Provided data –
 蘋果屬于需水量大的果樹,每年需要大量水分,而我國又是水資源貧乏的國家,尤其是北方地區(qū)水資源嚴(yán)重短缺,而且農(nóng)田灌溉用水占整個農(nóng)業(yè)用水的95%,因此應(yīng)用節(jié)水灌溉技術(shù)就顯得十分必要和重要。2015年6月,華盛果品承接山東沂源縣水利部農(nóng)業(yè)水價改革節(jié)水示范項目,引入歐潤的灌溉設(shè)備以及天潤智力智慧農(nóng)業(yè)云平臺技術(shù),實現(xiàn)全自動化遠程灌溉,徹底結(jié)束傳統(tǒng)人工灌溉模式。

==

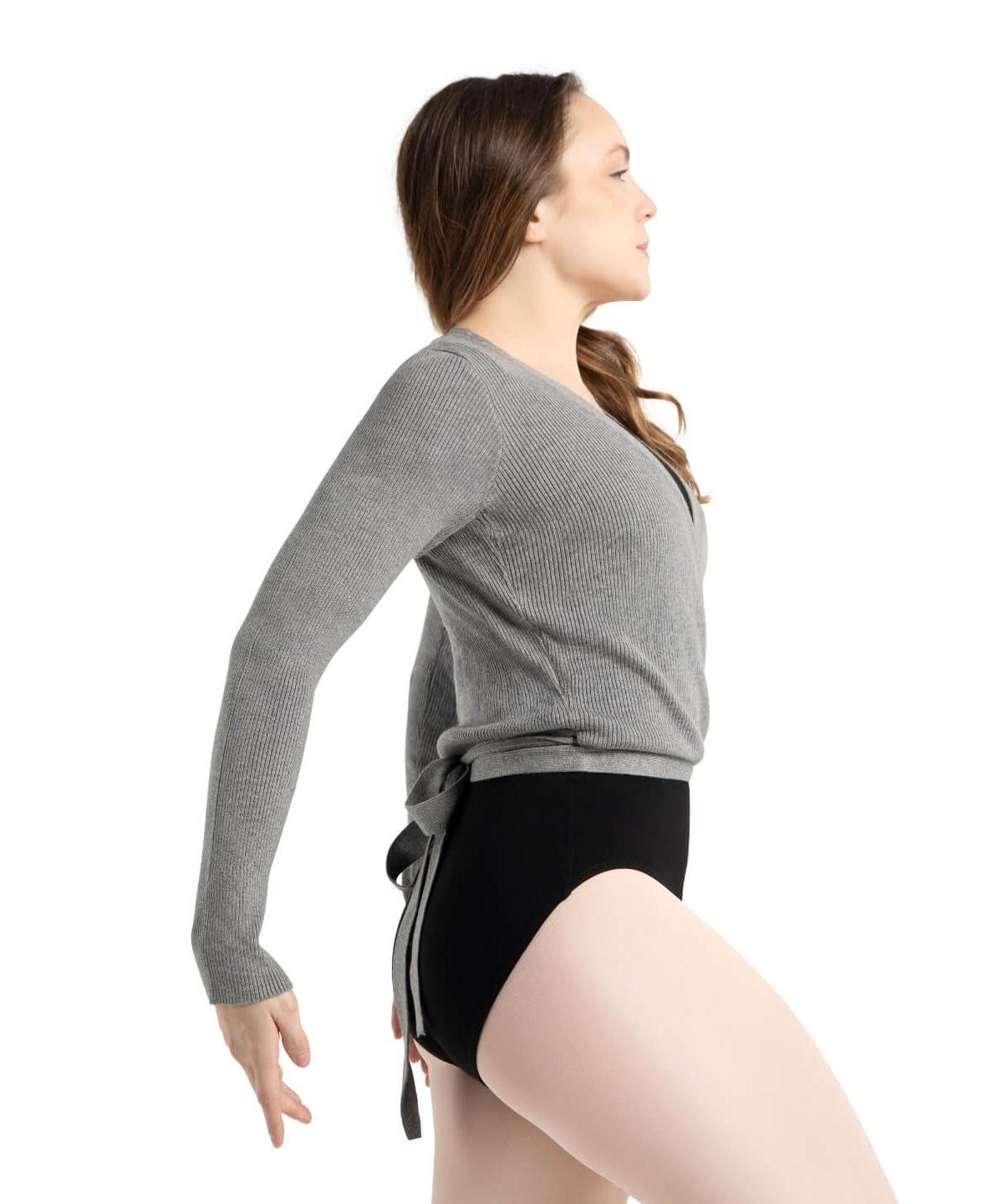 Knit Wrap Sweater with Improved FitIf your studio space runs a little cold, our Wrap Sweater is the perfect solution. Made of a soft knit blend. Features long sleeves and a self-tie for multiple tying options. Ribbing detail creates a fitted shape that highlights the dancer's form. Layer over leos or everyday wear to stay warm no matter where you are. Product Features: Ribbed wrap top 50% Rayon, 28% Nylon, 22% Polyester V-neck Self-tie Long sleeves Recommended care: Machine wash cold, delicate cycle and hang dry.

==

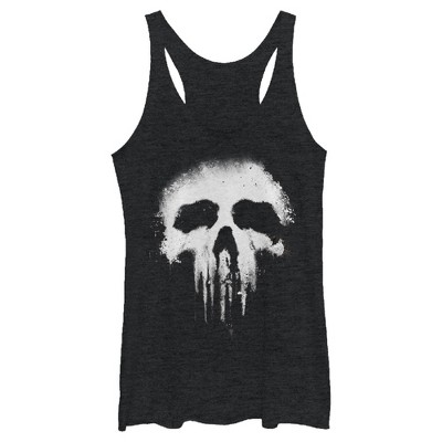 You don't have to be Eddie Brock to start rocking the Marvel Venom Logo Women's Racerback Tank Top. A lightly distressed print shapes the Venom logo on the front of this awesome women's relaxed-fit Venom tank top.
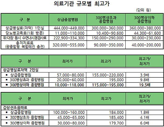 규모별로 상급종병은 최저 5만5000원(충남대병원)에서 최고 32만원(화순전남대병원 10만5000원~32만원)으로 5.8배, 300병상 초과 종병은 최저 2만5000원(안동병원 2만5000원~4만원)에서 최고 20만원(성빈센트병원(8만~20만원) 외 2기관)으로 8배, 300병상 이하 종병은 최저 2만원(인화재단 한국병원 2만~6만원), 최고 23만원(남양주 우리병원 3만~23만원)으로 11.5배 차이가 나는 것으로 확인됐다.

Exercise details – An exact copy of the lines above from the one with "You don't have" up to and including the one with "규모별로 상급종병은 최저" is required; reproduce only those lines, omitting all pictures.

Problem solution –
 You don't have to be Eddie Brock to start rocking the Marvel Venom Logo Women's Racerback Tank Top. A lightly distressed print shapes the Venom logo on the front of this awesome women's relaxed-fit Venom tank top.
 규모별로 상급종병은 최저 5만5000원(충남대병원)에서 최고 32만원(화순전남대병원 10만5000원~32만원)으로 5.8배, 300병상 초과 종병은 최저 2만5000원(안동병원 2만5000원~4만원)에서 최고 20만원(성빈센트병원(8만~20만원) 외 2기관)으로 8배, 300병상 이하 종병은 최저 2만원(인화재단 한국병원 2만~6만원), 최고 23만원(남양주 우리병원 3만~23만원)으로 11.5배 차이가 나는 것으로 확인됐다.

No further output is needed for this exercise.